Gravitational constant (G) without G: Derived from quantum constants and the proton mass, identifying G as a scaling artifact of the 128-bit hierarchy (2^128).

  G = (ħ · c · 2 · (1 + α / 3)^2) / (m_p^2 · 2^128)
  Pred: 6.6742439706 × 10^-11
  Exp:  6.67430(15) × 10^-11 m^3 · kg^-1 · s^-2
  Diff: 8 ppm
Fine-structure constant (α): Derived as the static spatial cost plus a spinor loop correction.

  α^-1 = (4 · π^3 + π^2 + π) - (α / 24)
  Pred: 137.0359996
  Exp:  137.0359991
  Diff: < 0.005 ppm
Preprint: https://doi.org/10.5281/zenodo.17847770

Comments

bigyabai•2h ago
If you have to ask people whether or not your preprint resembles curve-fitting, you have just self-reported that you are an AI user with no academic background.

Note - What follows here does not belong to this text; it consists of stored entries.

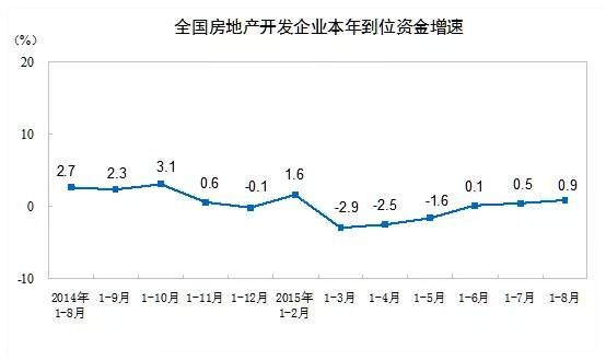 二是房地產開發企業到位資金增長小幅加快。1-8月份,全國房地產開發企業到位資金同比增長0.9%,增速比1-7月份提高0.4個百分點。隨著商品房銷售持續向好,今年1-3月份以來,企業到位資金呈逐月回升走勢,1-6月增速由負轉正。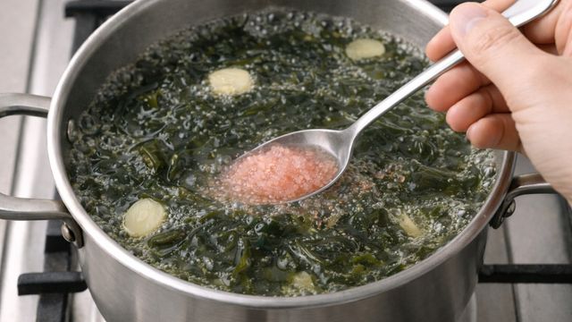 만약 싱겁다면 소금 1/3스푼을 넣고 취향에 따라 간을 맞추면 된다. 뚜껑을 닫고 약불로 10분간 더 끓이면 명란 미역국이 완성된다.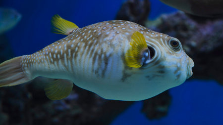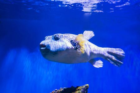 Porcupine pufferfish at the aquarium on the blue background. Marine fish concept Ichthyology concept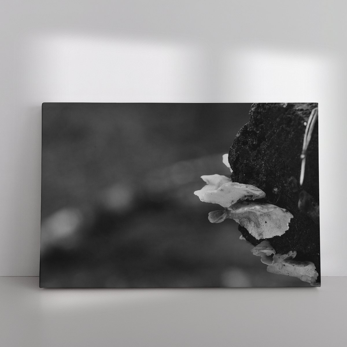 De tweede foto dat ik bij Werk aan de muur heb gezet is de foto Paar kleine paddenstoeltjes in zwart-wit(link). Ook voor deze foto heb ik een klein reflectiescherm gebruikt om de onderkant van deze zwammen uit te lichten.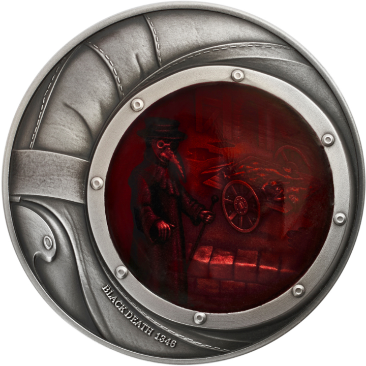 Pièce en argent de Niue " Peste noire - La peste. Tragédies humaines" 2023, 62,2 grammes d'argent pur (épreuve 0,999)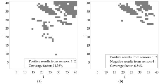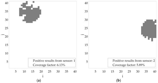 Considering a given bin, let introduce representing its indices in the analyzed matrix . Depending on the number of sensors used, their locations and parameters, and the power of the localized transmitter, a given bin may be monitored by more than one sensor. In such a case, an opportunity arises to leverage this fact when analyzing the results. Let us define a matrix containing values for each bin, denoting the number of sensors that cover a given part of the area with their detection range:

Good luck with the peer review, you're gonna need it.

albert_roca•1h ago
I have reported nothing but numerical results. Making assumptions about me instead of looking at the numbers says more about your background than it does about mine.
bigyabai•1h ago
I have done nothing but associate your "numerical results" with other numberslop I see from LLMs. Again, you're self-reporting.
albert_roca•1h ago
Can you share the results of your analysis by association? Or was it an instant mental calculation?
yuuu•1h ago
From the manuscript linked in your profile:

> The author declares the intensive and extensive use of Gemini 2.5 Flash and Gemini 3.0 Pro (Google) and sincerely thanks its unlimited interlocution capacity. The author declares as their own responsibility the abstract formulation of the research, the conceptual guidance, and the decision-making in case of intellectual dilemma. The AI performed the mathematical verification of the multiple hypotheses considered throughout the process, but the author is solely responsible for the final content of this article. The prompts are not declared because they number in the thousands, because they are not entirely preserved, and because they contain elements that are part of the author’s privacy.

albert_roca•1h ago
This seems properly copied and pasted. Good job. I guess we agree that AI is already playing a central role in science, and physics is no exception.
yuuu•1h ago
> AI performed the mathematical verification

That should be done by the human writing the manuscript, i.e., you.

albert_roca•48m ago
Absolutely not. Results don't depend on who performed the calculation or how it was done. Can you solve 12,672 Feynman diagrams by hand?
pavel_lishin•2h ago
Based on your pre-previous post, this is nothing.
albert_roca•1h ago
Your contribution is the opposite of "something".
rolph•1h ago
a much more revelatory exercise would be to compare these derived values with measured values, then construct testable hypotheses regarding disparities.
albert_roca•1h ago
That's precisely what the numbers show. "Pred:", predicted value. "Exp:", experimental value. "Diff", difference.
rolph•50m ago
the next step is, why?

what assumptions does your current model make. what could change that would eliminate disparity. What plausible mechanisms explain [Diff]?